§ Task
Beginning at the top of the entries below, retype each line exactly until the line containing "Siyah yılan derisi" has been written out; include no pictures and no later lines.

§ Records to process
- - - -

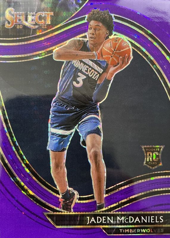 This card is 1 of 135 Jaden McDaniels' card variations in the 2020 Select set being tracked by Sports Card Investor, including Concourse, Courtside, Premier Level, Concourse Blue Prizm, and Concourse Blue Retail.
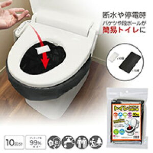 災害や断水などの非常時に活躍するトイレの凝固剤。非常用トイレの凝固剤が10個入り。※袋はついてないため、市販のゴミ袋をご用意ください。凝固剤は開封しない限り使用可能。安心の日本製。断水時の洋式便器に市販のゴミ袋(45L)を
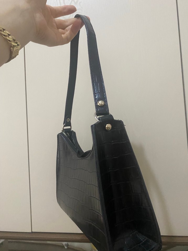 Siyah yılan derisi desenli, kemerli askılı kadın deri çanta. Klasik zarafet ile sokak stilini bir araya getirir, günlük kullanıma uygundur.
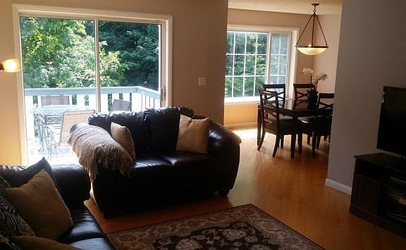 End unit with Eaton floor plan in Eagle Ridge. Private and tranquil setting. This well maintained property offers lots of extras. Hardwood floors throughout the living areas, walkout basement with porcelain tile floors, New kitchen appliances installed in 2015. New washer and dryer installed in 2016. Large loft area on second level. Master with en suite bathroom. Large tub and towering vaulted ceilings with skylight. One car garage with driveway and plenty of guest parking. Clarkstown schools. Come and see what sets this unit apart from the rest.
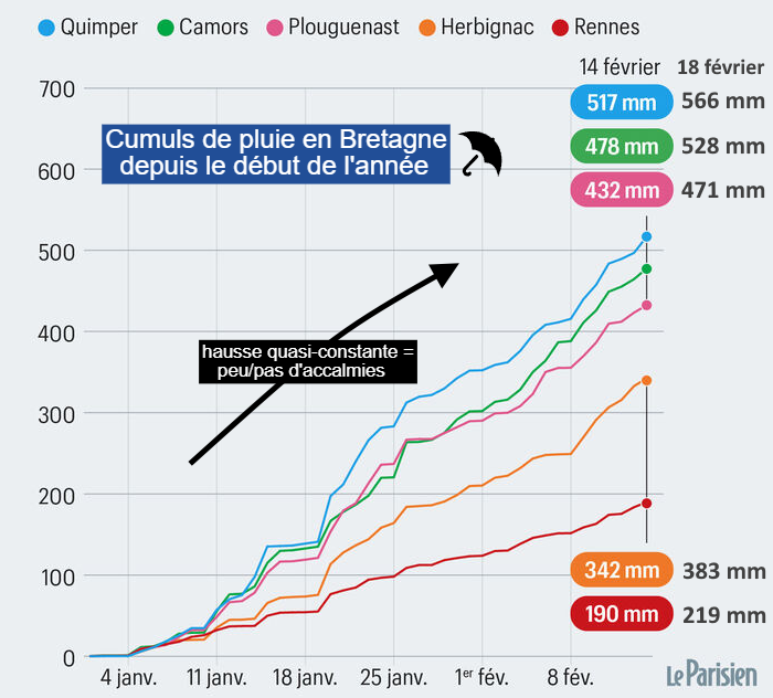 Sur les 45 premiers jours de l’année, 39 ont enregistré au moins 1 mm de pluie en moyenne nationale ! Cela signifie que 87% des jours ont été pluvieux en France depuis le début 2026, un chiffre remarquable ! Non seulement la pluie a été anormalement fréquente mais elle est aussi anormalement abondante. La Bretagne symbolise cet excès de pluie avec des cumuls tout bonnement remarquables. Au 18 février, il est déjà tombé 566 mm de pluie à Quimper depuis le début de l’année ! Cela représente 260% du cumul normal, c’est à dire qu’il est tombé 2,6 fois plus de pluie que lors d’un début d’année moyen ! Jamais de telles pluies n’avaient été observées depuis le début des mesures. Sur le graphique ci-dessous, on note l’absence d’accalmie avec des courbes qui croissent presque continuellement.

- - - -

§ Task answer
 This card is 1 of 135 Jaden McDaniels' card variations in the 2020 Select set being tracked by Sports Card Investor, including Concourse, Courtside, Premier Level, Concourse Blue Prizm, and Concourse Blue Retail.
 災害や断水などの非常時に活躍するトイレの凝固剤。非常用トイレの凝固剤が10個入り。※袋はついてないため、市販のゴミ袋をご用意ください。凝固剤は開封しない限り使用可能。安心の日本製。断水時の洋式便器に市販のゴミ袋(45L)を
 Siyah yılan derisi desenli, kemerli askılı kadın deri çanta. Klasik zarafet ile sokak stilini bir araya getirir, günlük kullanıma uygundur.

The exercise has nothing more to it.